START Information provided

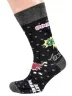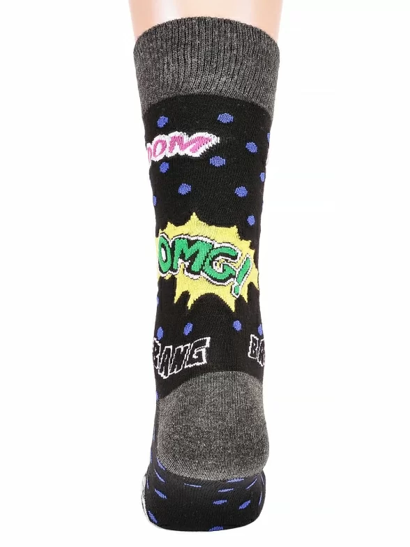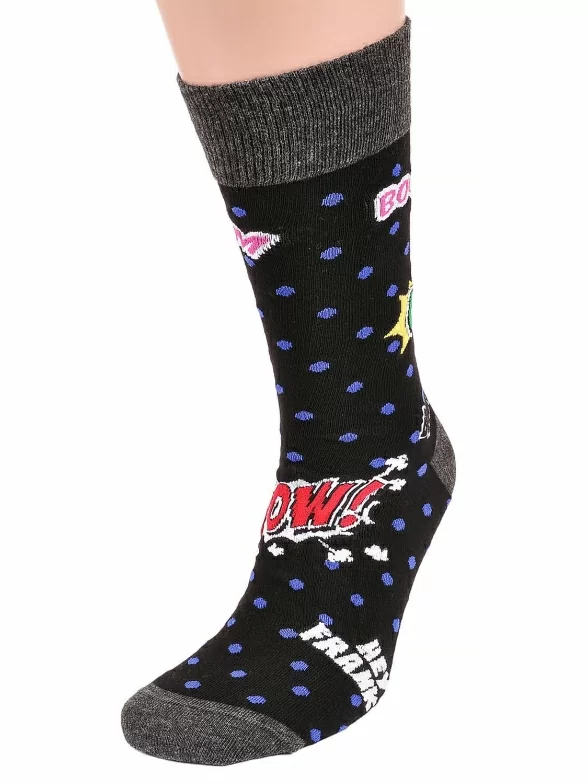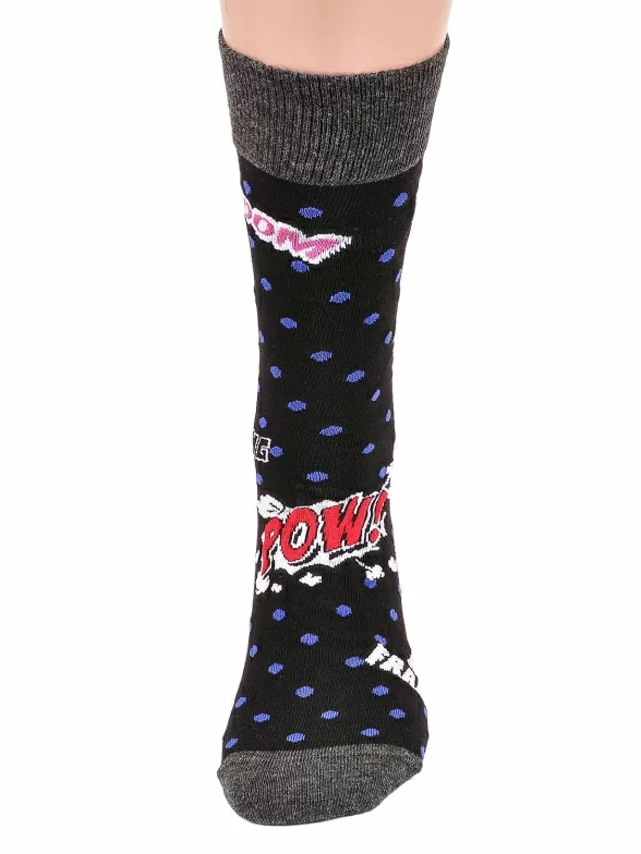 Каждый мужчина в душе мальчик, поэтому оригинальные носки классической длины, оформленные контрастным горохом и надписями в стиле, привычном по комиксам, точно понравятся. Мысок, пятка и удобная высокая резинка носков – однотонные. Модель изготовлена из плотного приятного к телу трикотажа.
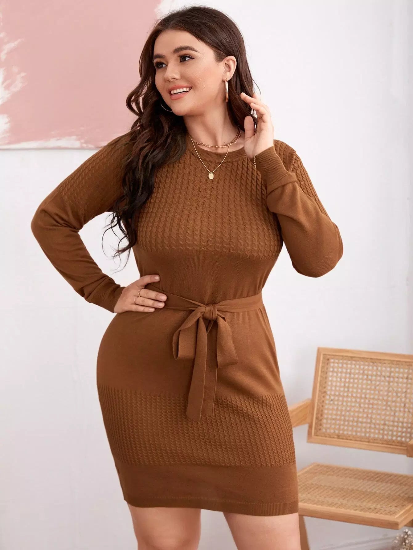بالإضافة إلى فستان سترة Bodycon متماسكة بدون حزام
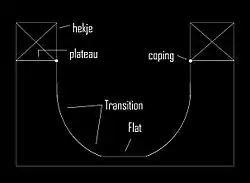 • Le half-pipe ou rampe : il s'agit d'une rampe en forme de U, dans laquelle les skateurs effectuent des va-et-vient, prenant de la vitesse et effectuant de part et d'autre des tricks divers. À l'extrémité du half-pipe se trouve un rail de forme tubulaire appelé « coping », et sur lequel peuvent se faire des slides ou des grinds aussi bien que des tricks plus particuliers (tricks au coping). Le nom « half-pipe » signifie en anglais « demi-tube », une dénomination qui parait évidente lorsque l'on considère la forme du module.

END Information provided

- What needs to be done -
Where the line containing "بالإضافة إلى فستان" appears, begin writing out the lines word for word, and continue through the last line of the data, leaving out pictures.

- Reply to the task -
بالإضافة إلى فستان سترة Bodycon متماسكة بدون حزام
 • Le half-pipe ou rampe : il s'agit d'une rampe en forme de U, dans laquelle les skateurs effectuent des va-et-vient, prenant de la vitesse et effectuant de part et d'autre des tricks divers. À l'extrémité du half-pipe se trouve un rail de forme tubulaire appelé « coping », et sur lequel peuvent se faire des slides ou des grinds aussi bien que des tricks plus particuliers (tricks au coping). Le nom « half-pipe » signifie en anglais « demi-tube », une dénomination qui parait évidente lorsque l'on considère la forme du module.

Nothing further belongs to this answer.